怒られるのがイヤで、後回しになるようにしたんだろう。
相変わらずセコいやつだ。
「アスタロトが怖いんか?」
俺の問いに無言でうなずくネビロス。
なんかカワイイ。
まったく。クズのクセに変に愛嬌があるからなコイツ。
「しゃーねえ、お前は残っとけ。何かあったら召喚で呼ぶから」
コイツには別の仕事を頼むか。
やらなきゃいけないことはいっぱいある。
それに裏切ったのどうのこうので、話がこじれるのも困るしな。
――――――
「じゃあ、行くぞ」
城の大食堂に開いた門をくぐる。
まあまあデカイ門だ。
俺はとうぜん余裕。フルーレティはちょっと窮屈そうだ。
中に入ると完全な闇。遠くに見える光を目指す。
相変わらず距離がよーわからん。

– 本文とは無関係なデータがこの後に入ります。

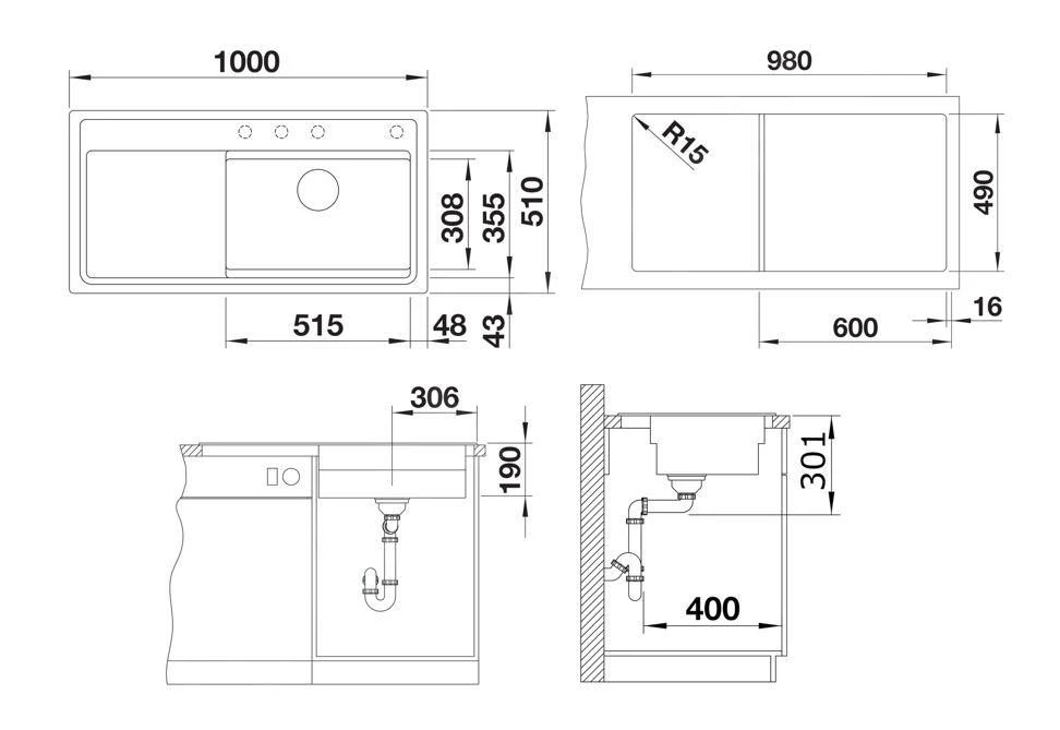 - enkelvoudige spoelbak met afdruipgedeelte links

それに、なんとも不安になってくる。
なんというのか、誰かにジっと見られているような、嫌な感覚があるのだ。
やがて、ズズッと体が光に飲み込まれた。
出口だ。視界が大きく開ける。
「これは…」
目に映るのは、見渡す限りの荒野だ。
乾いた大地に、ポツリ、ポツリとまばらに生える木がなんとも薄気味悪い。
この木、なにせ真っ黒なのだ。枯れたのか焦げたのか分からないような、不思議な色をしている。
そんな中、山かと見まごうほどの巨大な生き物がいる。
ネズミだろうか、発達した前歯に鼻の先端は細長く、耳はピンと上に伸びる。
全身を覆う体毛は黒に近い灰色で、一本一本が針のように尖っていた。
そして、その巨大なネズミもどきにまたがる者がいる。
人間に似た形で、背中から真っ白な鳥のような羽が四つ生えている。
この者、ネズミ以上に、とんでもなく大きい。
さらに、服はいっさい身につけておらず、右手に巨大なヘビ、頭部には金色の王冠と、ひと目でタダ者ではないと分かる。